We’d also tag each model with metadata:

  • Model size (1B, 8B, 13B, etc.)
  • Hardware requirements (e.g. VRAM needed for 15–20 tokens/sec)
  • License, origin, and finetuning info
  • Community ratings and comments

Eventually, the goal is to make it easy to:

  • See how well a model performs before downloading it
  • Choose the best option for your hardware and task
  • Contribute your own tests, models, and feedback

:rocket: Why It Matters

This directly supports our mission to help you build, control, and benefit from your own AI system. Picking the right model is step one.

It also unlocks:

  • Better tools for our Katie and Adam personas
  • More visibility for independent model creators
  • A real-world benchmark alternative the community can evolve

:handshake: How You Can Help

We’re early in the planning phase, so we’d love your feedback:

  • What use cases should we include first?
  • What test prompts or tasks do you think we should use?
  • What evaluation methods would be helpful?
  • Would you be interested in contributing models, tests, or evaluations?
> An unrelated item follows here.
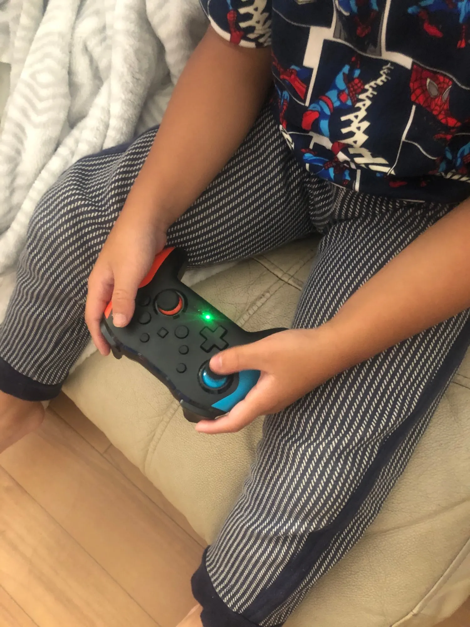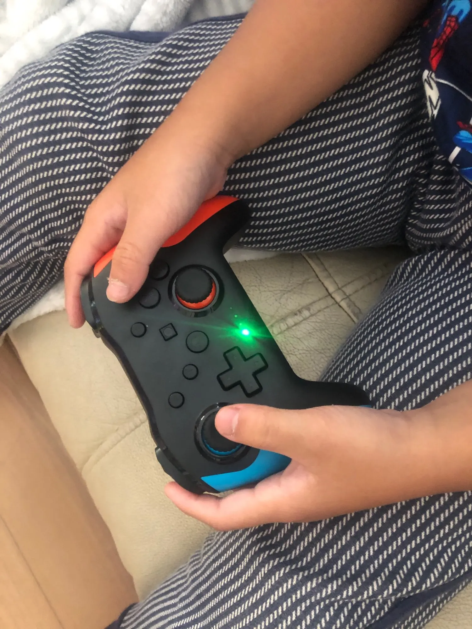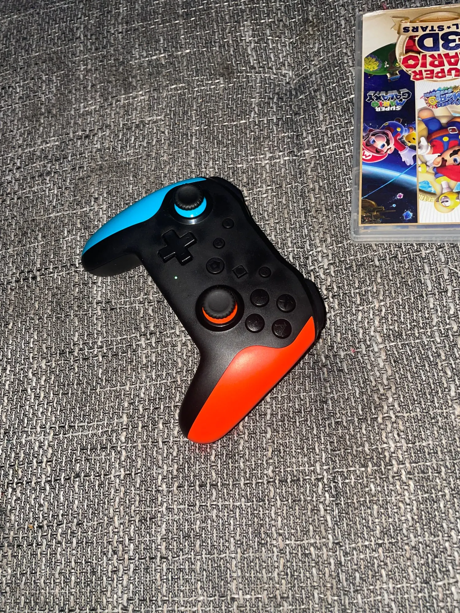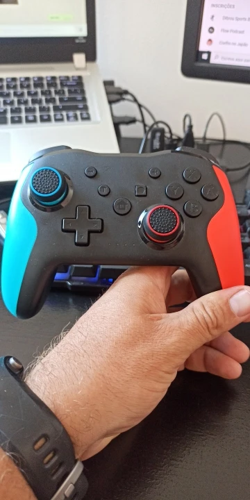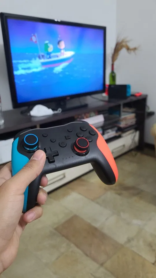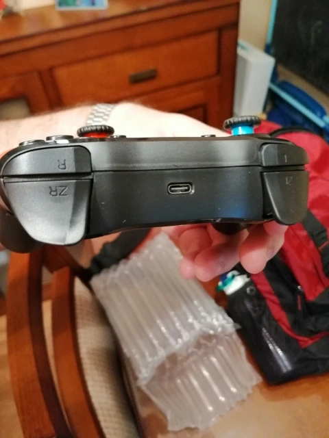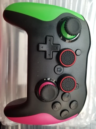 Хороший продукт. Эргономичный и удобный на ощупь, на его поверхности. Команда отвечает правильно. Он очень легко синхронизируется с Nintendo Switch. При нажатии только L R с включенным консолью. Так просто. Я рекомендую это.
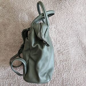 Excellent condition! Bought and never used it. It has been kept inside a dust bag. Premium leather beckpack in a medium gray color.

Let us know what you think below :point_down:
This is a community-powered initiative, and your input will shape where we go from here.

— Dave W.

Your AI. Your Rules.

Hi All,

We are making good progress on the Model Guide concept. First off we’re spitballing a new name which is BrainDrive ModelMatch. Let us know what you think.

Here’s the latest discussion between @DJJones and myself followed by an AI powered summary:

Let’s keep the momentum going!

Thanks,
Dave W.

:jigsaw: The Problem with Most AI Model Leaderboards

Most AI model benchmarks today aim to be purely mathematical and “objective.” They focus on metrics like MMLU scores or GLUE benchmarks. The problem? Those benchmarks are easy to game—and often don’t reflect real-world performance.
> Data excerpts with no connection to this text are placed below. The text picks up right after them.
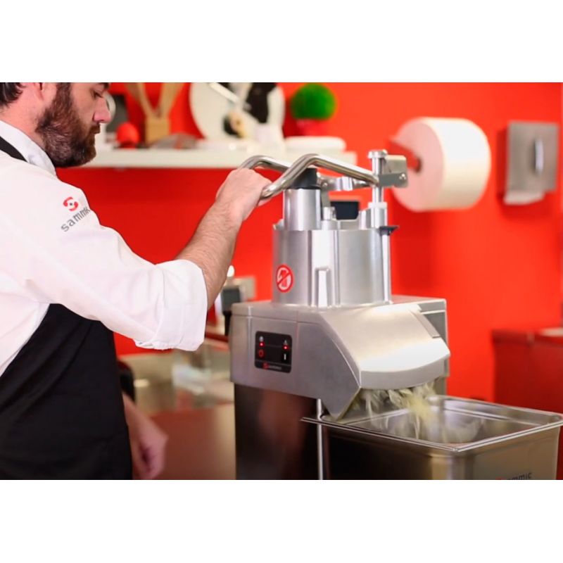 The Spanish vegetable cutter Sammic CA-401 features a side distribution blade, which allows for easy and high-quality processing of bulk products such as cabbage. High ejector blades also increase the processing speed without affecting the quality. The main parts and body are made of food-grade stainless steel. This is a productive and functional model, capable of operating at a single speed and producing up to 650 kg/hour of finished cutting. Equipped with an electronic control panel, it has an ergonomic design.Specification
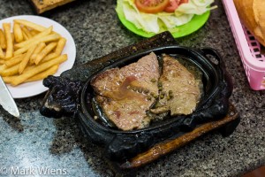 - Bò bít tết – Vietnamese beef steak served in a cow pan!
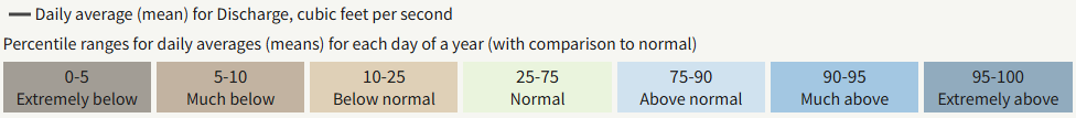 Streamflow is in the very bottom portion of the "Normal" range or 25-75th percentile.

We’ve seen this again and again: a model crushes the benchmarks… and flops in actual usage. That’s because companies are fine-tuning to win the test, not to help real people solve real problems.

:white_check_mark: Our Take: Real-World Use Cases Over Raw Benchmarks

ModelMatch flips the script. We’re building a new kind of model evaluation system—one that’s grounded in how people actually use these models.

Instead of relying only on synthetic benchmarks, we run every model through curated case studies. For example, we might test summarization quality using the same set of 10 articles across all models. That way, you get an apples-to-apples comparison of how each model performs on the same real-world task.

We’ll still report standard benchmark scores, but we’ll show our work—and focus on what actually matters in practice.

:brain: Human Insight + Automation

We’re also designing ModelMatch to blend the best of both worlds:

  • Human judgment where it matters (subjective evaluation of output quality).
  • Automation where it’s reliable (e.g., checking if key facts were retained in a summary).

As the system matures, we’ll continue automating more of the evaluation pipeline using LLMs themselves—with humans reviewing where needed. That means faster coverage of new models without sacrificing quality.

:rocket: Built for Content, Community, and Continuous Improvement

We’re not just building a static directory. We’re creating a content engine:

  • Each model release becomes a content opportunity.
  • Our case study evals turn into videos, tutorials, and blog posts.
  • We “newsjack” model releases to be first with relevant, trustworthy info.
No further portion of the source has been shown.